L’application de la triangulation à des territoires plus vastes que les villes posait de façon plus aigue le problème de la mesure des distances. Gemma Frisius donna la première description de la triangulation dans une application cartographique autre qu’un plan urbain. Dans la deuxième édition de son Cosmograficus liber Petri Appiani parue en 1533, il proposait une explication claire et précise du principe de la triangulation d’un territoire dans un appendice de seize pages : le Libellus de Locroum describendorum ratione deque distantiis eorum inveniendis. La publication d’une édition en langue commune – et en français en 1544 – le destinait non seulement aux savants, principalement géographes, mais aussi aux professions moins cultivées comme les arpenteurs157. La méthode présentée généralisait la mesure indirecte des distances par la trigonométrie et posait les fondations de la triangulation dans son acceptation cartographique moderne : à partir de la mesure d’une base plus ou moins longue sur le terrain, qui constitue le côté d’un premier triangle, la triangulation permet de déterminer la position géographique de points par la mesure des angles des triangles formés par ces points.

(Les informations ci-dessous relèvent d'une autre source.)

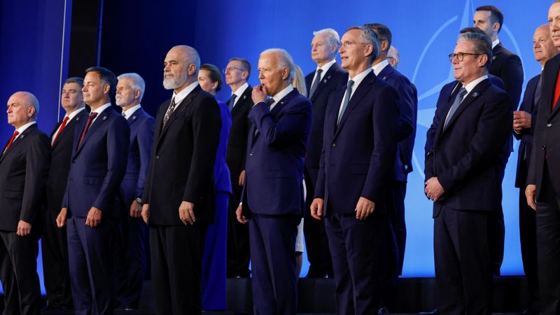 එක්සත් ජනපද ජනාධිපති ජෝ බයිඩන් නේටෝ නායකයින්ට වොෂින්ටනයේ සත්කාරකත්වය සපයයි, නමුත් ඔහුගේ නැවත තේරී පත්වීමේ ලංසුව සම්බන්ධයෙන් තවත් ප්රශ්න සමඟ දේශීය වශයෙන් තැලීම් උදෑසනකට මුහුණ දී තිබේ.

Bien que l’« invention » de la triangulation par Frisius soit controversée, la publication de son livre fut véritablement à l’origine de l’application de cette méthode à la cartographie. La deuxième moitié du 16e siècle connut un certain développement de la réalisation de cartes régionales géométriques, c’est-à-dire basée sur une triangulation. Des instruments adaptés furent mis au point. L’astrolabe fut ainsi modifié pour les mesures géodésiques. En 1612, J. P. Dou inventa le « cercle hollandais », qui devint le goniomètre le plus utilisé pendant deux siècles. Le français Philippe Danfrie construisit en 1597 le premier exemplaire du graphomètre, combinant boussole et astrolabe, qui resta l’instrument fondamental de l’arpenteur avec sa version réduite, le quart de cercle, jusqu’à l’invention du théodolite à la fin du 17e siècle158. Enfin, la planchette topographique, mise au point dans la deuxième moitié du 16e siècle, permettait d’effectuer simultanément le dessin cartographique et la mesure des angles – ou plus précisément le tracé graphique des angles à partir de visées.

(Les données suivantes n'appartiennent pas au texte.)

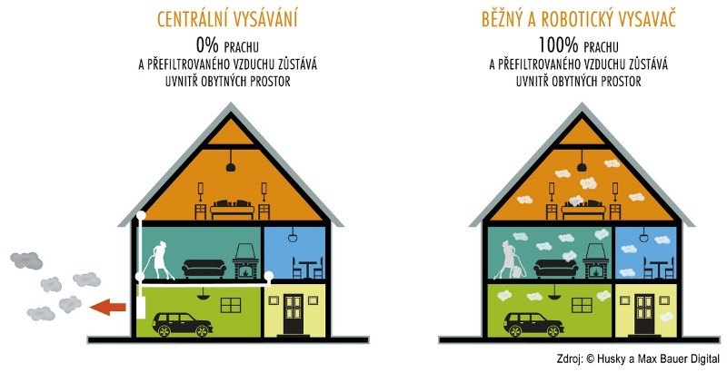 Jako jediný z uvedených typů totiž centrální vysavač odvede vzduch mimo dům a jemný prach zachytí ve filtru. Klasický přenosný i robotický vysavač proti tomu vzduch i se jemným prachem vyfouknou zpět do místnosti. A jemný prach navíc ještě zvíří do vzduchu. V podstatě se s nimi tedy sice zbavíme hrubých prachových částic a nečistot, ale ty nejjemnější, společně s alergeny, v místnosti pouze rozfoukáme. To mimo jiné znamená, že musíme mnohem častěji nejen znovu vysávat, ale i daleko častěji utírat prach z nábytku.

Sur le développement de la triangulation aux Pays-Bas, voir : POULS H. C. Mieux vaut voir que courir 2. In Cartes et Figures de la Terre, op. cit., p. 248-251.
Le graphomètre « était constitué par un limbe de 180° muni d’une boussole et d’une alidade, à pinnules au début, à lunette par la suite, le tout supporté par un pied planté dans le sol. Le limbe pouvait prendre la position horizontale, inclinée ou verticale ; cette dernière donnait la possibilité de mesurer les angles verticaux, par adjonction d’un fil à plomb, mais on n’en usait pas, l’altimétrie étant délaissée (on connaissait bien aussi le niveau à bulle d’air, mais il n’était utilisé que pour les travaux d’arpentage et de terrassement, non pour les levés topographiques). Le quart de cercle n’était autre qu’un graphomètre réduit à environ 100°, mais de rayon plus grand, ce qui permettait de gagner en précision sans augmentation de poids. Ce sont ces instruments qui, progressivement perfectionnés et transformés, donnèrent naissance au théodolite ». ALINHAC Georges. Cartographie ancienne et moderne. T.1. Op. cit., p. 73.